Syrian Venezuelans sirio-venezolano الهجرة السورية إلى فنزويلا

Total population
- Syrian-born residents 12,108 - 15,632 (2011).; Venezuelans of Syrian descent (various estimates): 700,000 (Fidel, 2010).; 1,000,000 (Levi, 2017).; 1,000,000 (Nachawati, 2017).; 1,000,000 (Gómez, 2017).; 400,000 (Aljadid, 2017);

Regions with significant populations
- Caracas, Puerto La Cruz, Maracaibo, Margarita Island, Maracay, Valencia, Ciudad Guayana, Maturin, Barquisimeto, Cumaná

Languages
- Venezuelan Spanish and Syrian Arabic

Religion
- Predominantly Christianity, minority Druze

Related ethnic groups
- Syrian and Syrian diaspora

= Syrian Venezuelans =

Syrian Venezuelans refers to Venezuelan citizens of Syrian origin. Syrians are the largest immigrant group of Arabic origin in Venezuela.

==Migration history==
Syrian migration to Venezuela began towards the end of the nineteenth century, when thousands of Syrian Christians and Jews arrived escaping the downfall of the last years of existence of the Ottoman Empire. Since then, the flow of people between Syria and Venezuela has been constant.

The huge Syrian migration to Venezuela took place during the oil boom of the 1950s. Almost every town and village which had missed having Syrian settlers from the earlier immigrations, which began in the late 1880s, now has at least one Syrian family. They have joined the approximately 500,000 prior immigrants and their descendants, reinforcing Arab culture amongst the older Syrian community which had been almost totally assimilated.

==Emigration==
Some Syrian-Venezuelans returned during the last decade to Syria, establishing themselves mainly in Aleppo, Tartus and Jaramana (in the outskirts of Damascus). The Syrian city of As-Suwayda; which is known also as Little Venezuela, stands out because of the mix of its streets between the Syrian and Venezuelan dialects, the presence of both languages in posters and advertisements, the restaurants and cafes where both gastronomy are merged and where Caribbean Salsa and the music of Umm Kulthum can be heard.
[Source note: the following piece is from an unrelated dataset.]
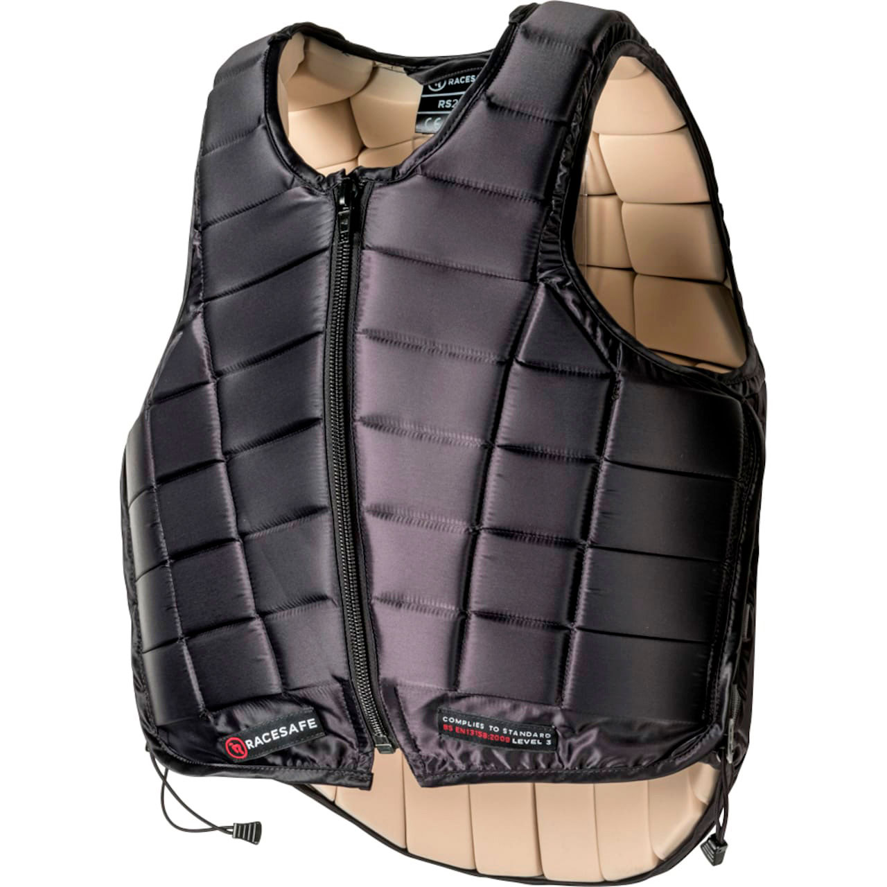 I Ridsportförbundets reglemente kallad skyddsväst, skyddar rygg och bröstkorg. Genom västens stötupptagande material fördelas trycket över kroppen så att skadan minimeras. En säkerhetsväst ska sitta nära kroppen med endast en tunn tröja under. Framstycket ska gå två-tre centimeter nedanför nedersta revbenen och bakstycket ska täcka upp till nedre delen av nacken och sluta några centimeter från svanskotan.

More than 200,000 people from the Suwayda area carry Venezuelan citizenship and most are members of Syria's Druze community, who immigrated to Venezuela in the 20th century.

==Religion==
The majority of Syrian-Venezuelans are Druze, Roman Catholic and Eastern Orthodox.

Venezuela is home of the largest Druze communities outside the Middle East, the Druze community are estimated around 60,000, and they are mostly Lebanese and Syrian.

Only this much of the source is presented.